DATA BELOW:
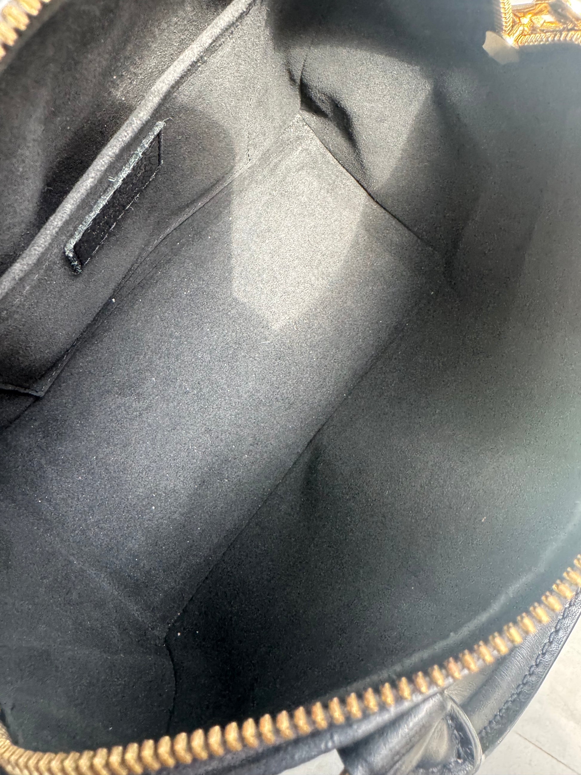 Very Good Condition. Exterior leather is beautiful calfskin leather with inevitable softening due to use. Interior is clean. No smell. Strap is in very good condition, chain is still gold. Minor fading/ wear on the d-rings and zipper.
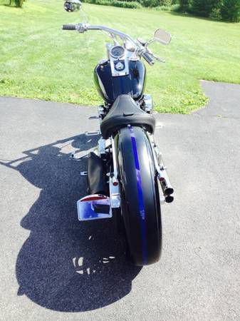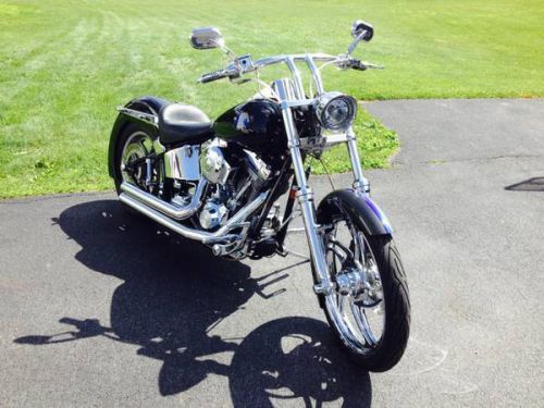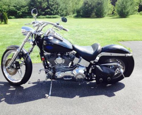 2004 Harley Davidson Softail with a Screamin Eagle stage 3 kit. The tank, front and rear hugger fenders were custom painted in 2014 with both matte and gloss finishes. The bike is equipped with Rinehart Racing straight pipes, Pro1 chrome wheels with matching sprocket, Mustang Vintage Solo seat with detachable rear passenger seat, Accutronix forward controls, Harley Davidson Stage 1 air cleaner and matching horn cover, Primo headlight with integrated LED blinkers, Harley Davidson swingarm bag, custom license plate tail light, braided lines, new front and rear brake pads, new Michelin front tire, chrome forks, Harley Davidson chrome oval billet mirrors, Harley Davidson detachable sissybar with backrest pad, Harley Davidson detachable windshield, Harley Davidson skull derby cover, gas cap, and air cleaner insert, and many other chrome parts. The transmission was recently rebuilt. Also, the starter clutch was replaced. The miles don't reflect the miles on the engine since the stage 3 kit was installed.
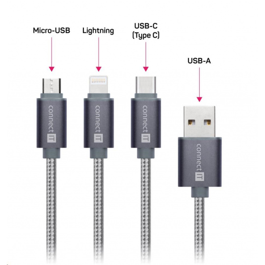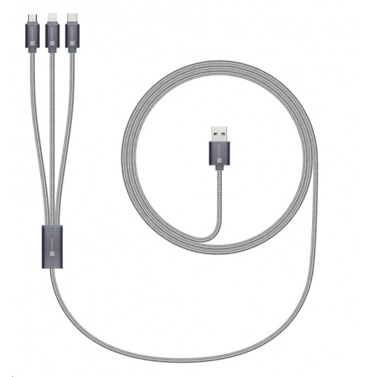 CONNECT IT Wirez 3v1 USB-C & Micro USB & Lightning, strieborná sivá, 1,2 m
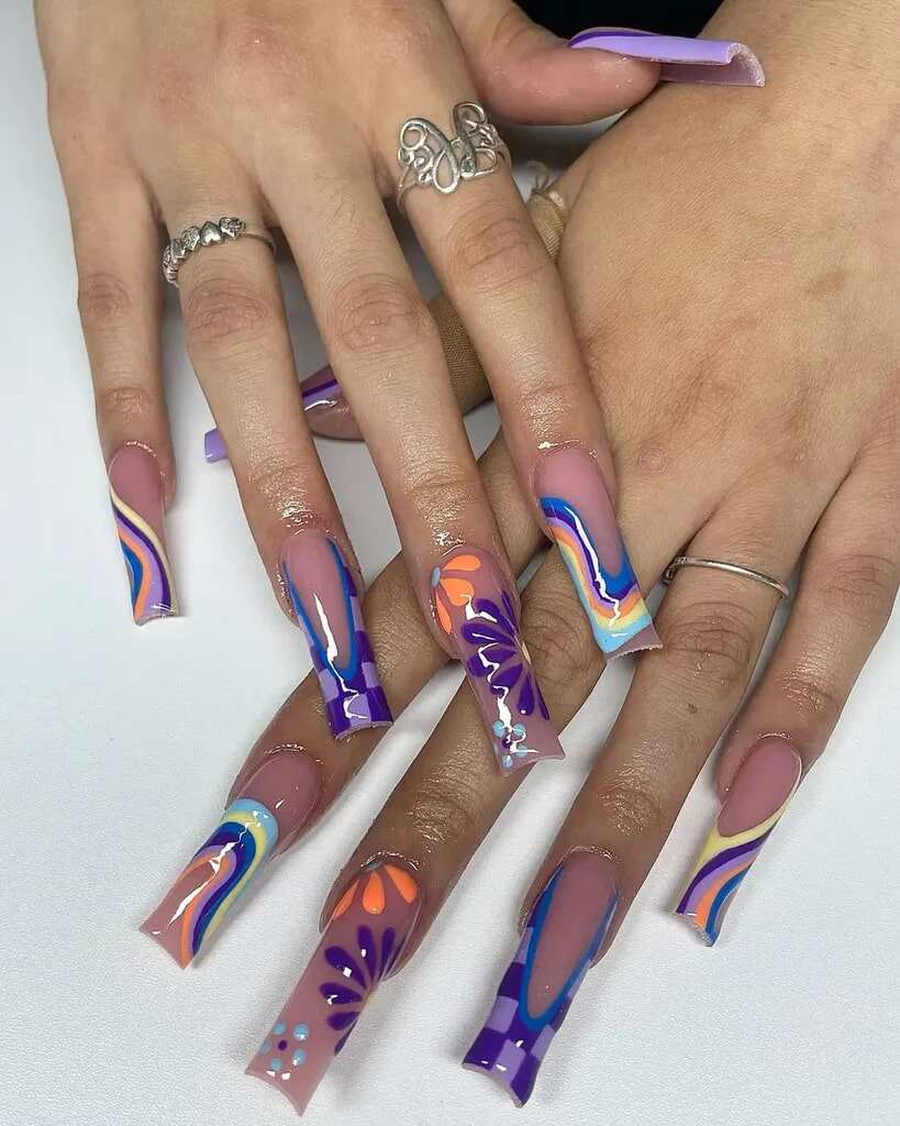Striking shapes and colorful artistry come to life in these long, eye-catching hippie acrylics. Ideal for those seeking drama and intricacy, this style emanates vintage soul and creative flair. A festival-ready masterpiece that you can flaunt daily.

WORK INSTRUCTION:
The result should be the full material above, word for word, with its pictures omitted.

EXERCISE OUTPUT:
 Very Good Condition. Exterior leather is beautiful calfskin leather with inevitable softening due to use. Interior is clean. No smell. Strap is in very good condition, chain is still gold. Minor fading/ wear on the d-rings and zipper.
 2004 Harley Davidson Softail with a Screamin Eagle stage 3 kit. The tank, front and rear hugger fenders were custom painted in 2014 with both matte and gloss finishes. The bike is equipped with Rinehart Racing straight pipes, Pro1 chrome wheels with matching sprocket, Mustang Vintage Solo seat with detachable rear passenger seat, Accutronix forward controls, Harley Davidson Stage 1 air cleaner and matching horn cover, Primo headlight with integrated LED blinkers, Harley Davidson swingarm bag, custom license plate tail light, braided lines, new front and rear brake pads, new Michelin front tire, chrome forks, Harley Davidson chrome oval billet mirrors, Harley Davidson detachable sissybar with backrest pad, Harley Davidson detachable windshield, Harley Davidson skull derby cover, gas cap, and air cleaner insert, and many other chrome parts. The transmission was recently rebuilt. Also, the starter clutch was replaced. The miles don't reflect the miles on the engine since the stage 3 kit was installed.
 CONNECT IT Wirez 3v1 USB-C & Micro USB & Lightning, strieborná sivá, 1,2 m
Striking shapes and colorful artistry come to life in these long, eye-catching hippie acrylics. Ideal for those seeking drama and intricacy, this style emanates vintage soul and creative flair. A festival-ready masterpiece that you can flaunt daily.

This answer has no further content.